If it had been publicly known at the time what the true, global extent of the crisis really was, the world’s economy would have completely collapsed. This is the biggest story of the year, perhaps of the entire past decade, but it’s received zero attention from the US press.

2) The Fed’s current policy of “quantitative easing” (QE I and QE II) are an under-the-table bailout of US corporations. By buying up medium- and long-term treasury bonds, the Fed is keeping interest rates near zero so US corporations can refinance a record amount of junk bonds that were set to come due in 2012, 2013, and 2014 (a total of $700 billion). Some corporations have been able to refinance their debt by issuing 50- or 100-year bonds. That’s insane. Most companies don’t stay in business for 10 years, much less 100 years.

3) The IMF rises from the dead…just in time to impose austerity measures on Greece, Ireland, and a host of other European Union countries. Of course, the one country that’s most responsible for the global economic crisis—the United States—doesn’t fall under the IMF’s purview. Instead, we get to do the opposite: extend the Bush tax cuts, extend the war in Afghanistan to at least 2014, and run up a record government deficit.

4) The financial industry is too big. Way too big. In the mid 1990’s it accounted for about 17% of the gross domestic product of the US. Now it accounts for over 60%. How did that change happen? Well, blame it on the worst Bush era tax cut ever devised: the 15% capital gains and dividend tax rate. When you give a tax cut for dividends and capital gains, you’re subsidizing the investment industry, which is now mostly composed of speculation: money in search of profits taxed at only 15%. So we get huge amounts of money invested in non-productive areas of the economy: derivatives, currency trading, speculation in commodities markets, hedge funds, and stupid venture capital investments that will never make a profit or provide a necessary service (i.e., Pets.com on steroids). Too big to fail? Yes, but it’s also too big to even comprehend.

5) More banks failed in 2010 than in 2009. The FDIC told us that 2009 would be the worst year of the crisis, but this year small and mid-sized banks continued to fail in record numbers. In 2008 the FDIC closed 25 banks; in 2009 the total was 140. As of November, the total for 2010 was above 150 and counting. Clearly, we still haven’t seen the worst of the crisis.

6) Meanwhile, the biggest banks are still misbehaving. From refusing to modify mortgage loans to using robo-signers and filing defective paperwork with bankruptcy courts, to sending a huge posse of lobbyists to Washington DC to gut the financial reform bill, the biggest banks have been operating as if the financial crisis never happened. And they’ve been racking up record profits and paying out enormous bonuses to their top management. Guess who’s really running this country?

7) Low-interest loans + bad banks = new perfect storm on the horizon.

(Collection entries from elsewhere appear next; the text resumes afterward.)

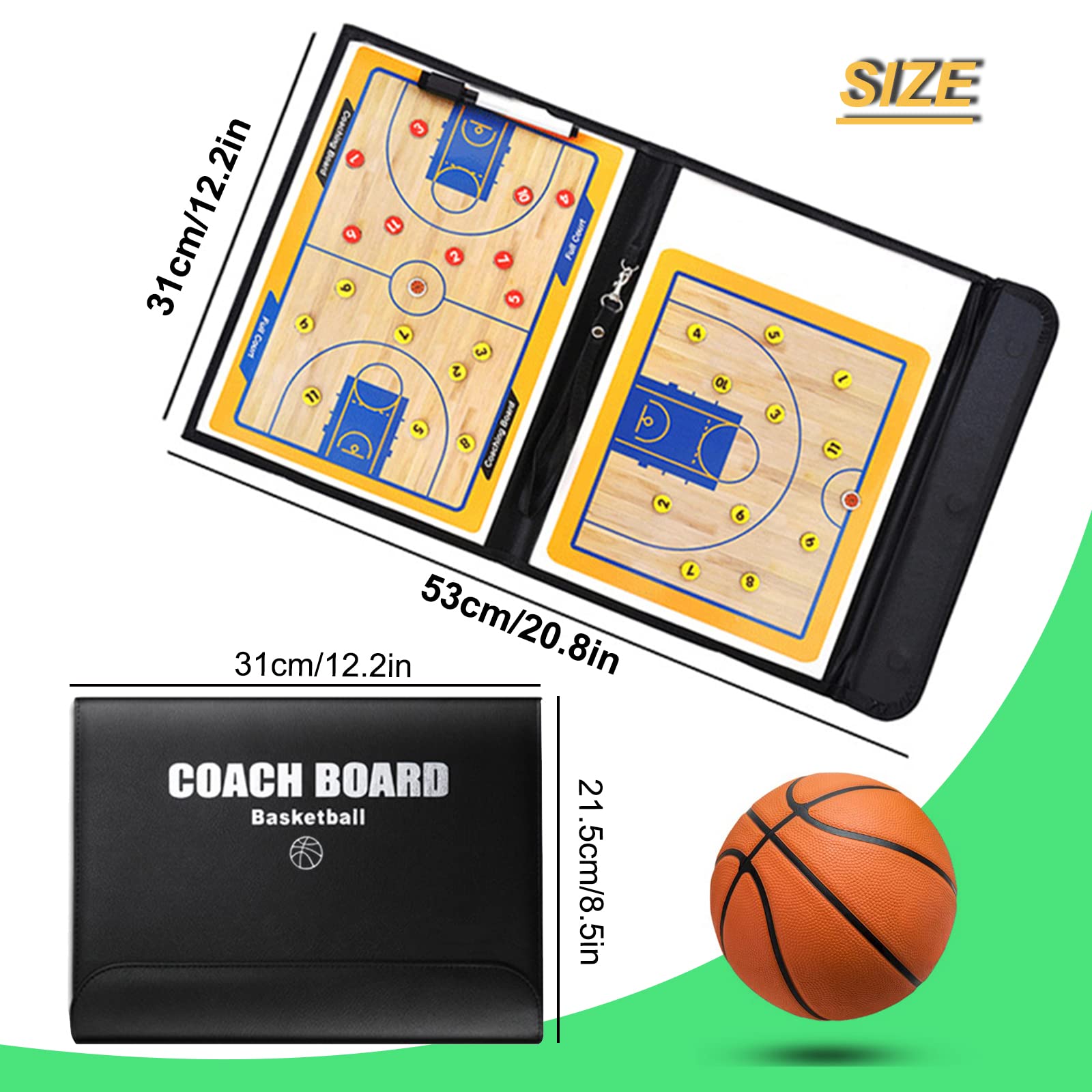 Mit 241x175 mm genau die richtige Größe für unterwegs. Inklusive Stift, Handtasche und magnetischen Schachfiguren. Perfekt für Trainer, Basketball-Begeisterte oder im Schulunterricht. Mach dein Team zur unschlagbaren Mannschaft!
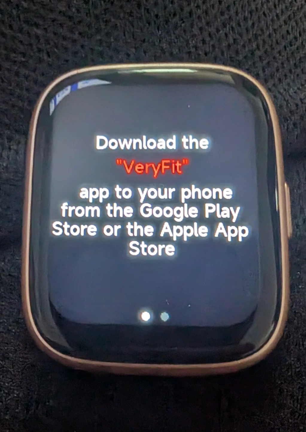 This is a smart watch with a rose gold coloured casing. It comes with two straps and a USB charging cable. The watch displays "Download the "VeryFit" app to your phone from the Google Play Store or the Apple App Store" on startup. It's a sports partner.
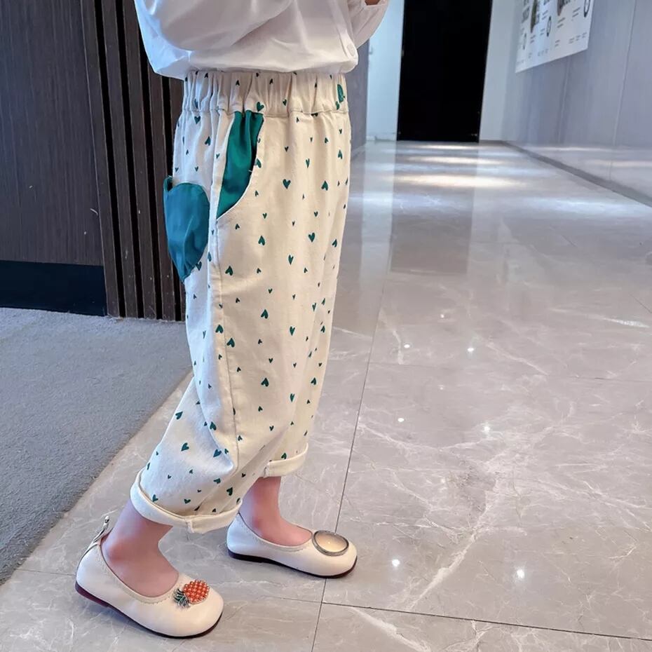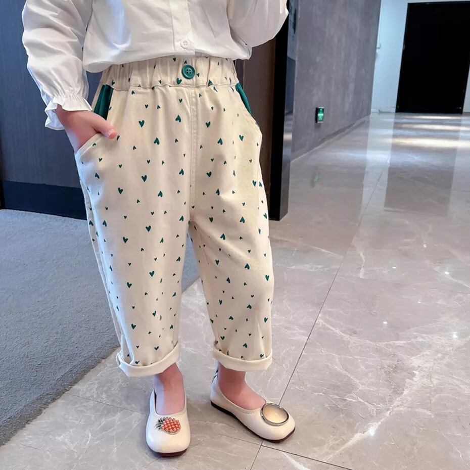 バックに大きなグリーンのハートポケットがポイント♡ᐝ小さなグリーンのハートも散りばめられていて360°可愛いパンツです*✲
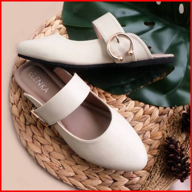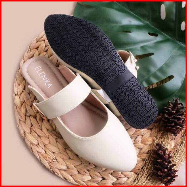 Flatshoes Jumbo Wanita Bonna Cream Elenka Size 41 42 43 44 45 Sepatu Mules Bigsize Kaki Lebar
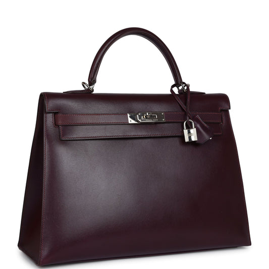 Vintage Hermes Kelly Sellier 35 Raisin Box Palladium Hardware
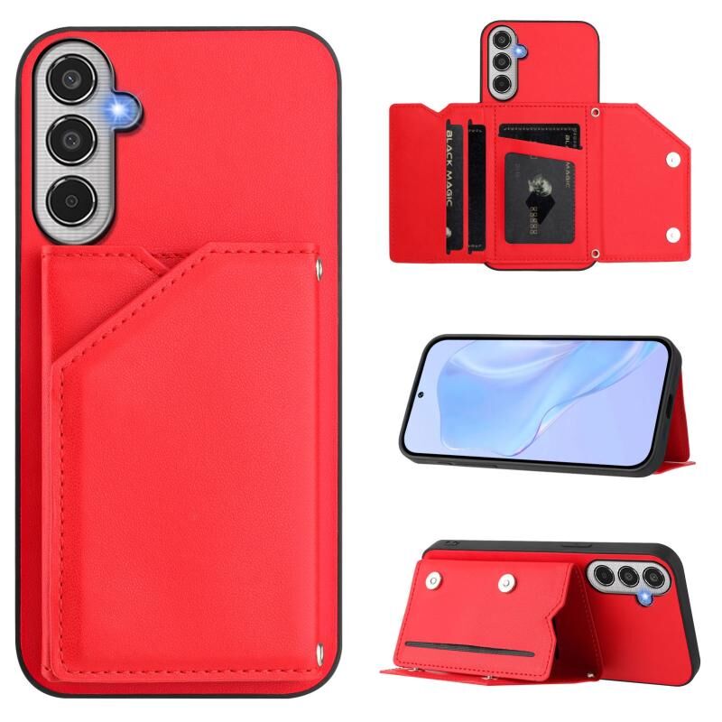 Για Samsung Galaxy M35 δέρμα αίσθηση τέσσερις υποδοχές κάρτα τηλέφωνο υπόθεση με λουράκι καρπού (κόκκινο)
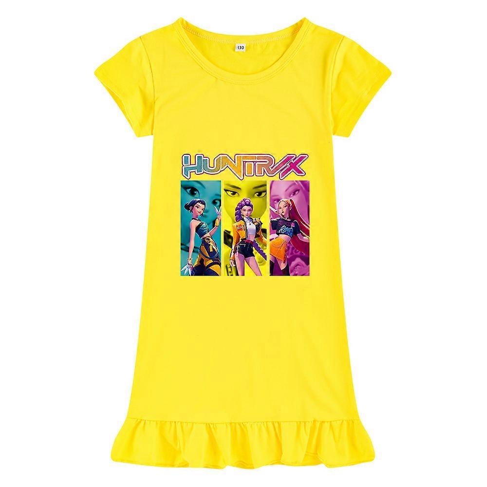 Yellow-The Best-Selling K-Pop Witch Hunt Printed Girls' Dress, Ice Silk Sleeping Dress M1236
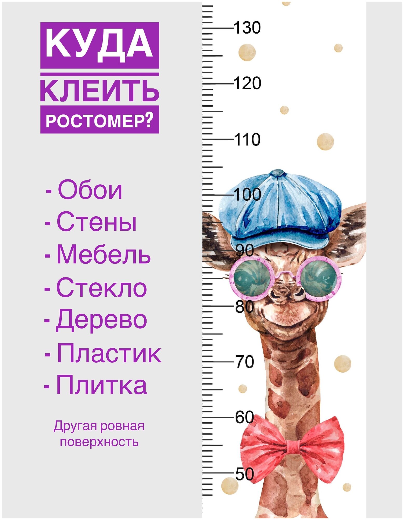 Ростомер детский наклейка на стену, ростомер для детей, измеритель линейка для роста, декор в детскую комнату, ростомер на стену с жирафом
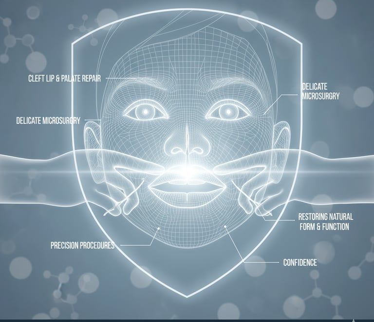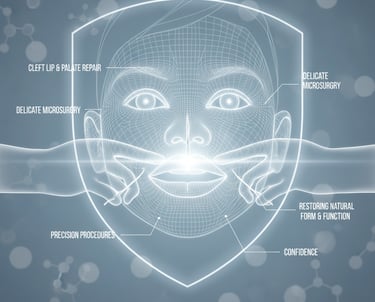 He performs delicate procedures such as cleft lip and palate repair, correction of ear or facial deformities, and treatment of vascular malformations.
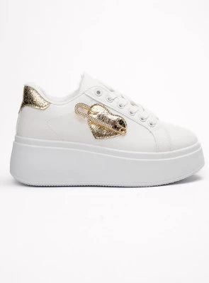 Damskie Sneakersy MIA LEOPARD to połączenie wyrazistego, cętkowanego motywu z uniwersalną formą miejskiego obuwia. Cholewka wykonana z ekoskóry w leopardowym wzorze przyciąga uwagę i nadaje stylizacji oryginalności. Złota ozdoba na boku stanowi subtelny, a zarazem elegancki akcent. Dzięki sznurowanemu zapięciu buty doskonale dopasowują się do stopy, a płaska, gumowa podeszwa zapewnia wygodę przez cały dzień.
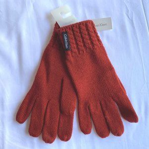 This is a new-with-tags pair of Calvin Klein gloves in a thick, soft rust-red knit. Composition: 100 percent acrylic. Smoke-free home.
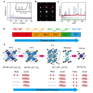 图1:PbCoO3的(a)同步辐射XRD;(b)中子衍射;(c)电子衍射图谱;(d)PbMO3系列化合物电荷形式的系统变化;(e)高压或高温下PbCoO3特殊电荷态与晶体结构的可能变化。

I won’t say more, or it will depress you.

8) Flash crashes are the wave of the future in the stock markets. (Yes, you read that right. “Stock markets,” plural. There are more than a dozen in the US alone.) If you don’t know what a “flash crash” is, then you should sell your stock right now and stick your money in your mattress, because you don’t know enough about investing to keep from losing your shirt. If computers have made it possible for everyone, including your grandma, to play the stock market, they’ve also made it possible for a few big sharks to crash the markets within milliseconds. And nothing’s being done to stop them.

9) Microcredit banks, which were heralded as the saviors of the poor in developing nations, are headed for a major collapse. It turns out that the nonprofits that extended small loans to poor people in developing nations from India to Sub-Saharan Africa have been operating just like the big US banks that caused the 2008 economic collapse. They saw a way to make a profit off the poor, and they went for it. Guess who’s going to pay for it all in the end?

10) It’s the end of 2010 and nobody’s been prosecuted for the mortgage meltdown, banking crisis, or the economic collapse. No one’s even been charged with a crime. Obama’s Financial Crisis Inquiry Commission has turned out to be toothless, powerless, and invisible.

If George Orwell could have seen the real dimensions of our Brave New World, he wouldn’t have been worried about governmental control. In fact, maybe we ought to give Barack Obama a break: there’s only so much you can get away with before your boss gets really pissed off.

The question is: who’s the real boss? Is it Citigroup, Bank of America, Morgan Stanley, and Goldman Sachs? Or is it you and me?

Maybe it’s time to stand up and show ‘em who’s boss.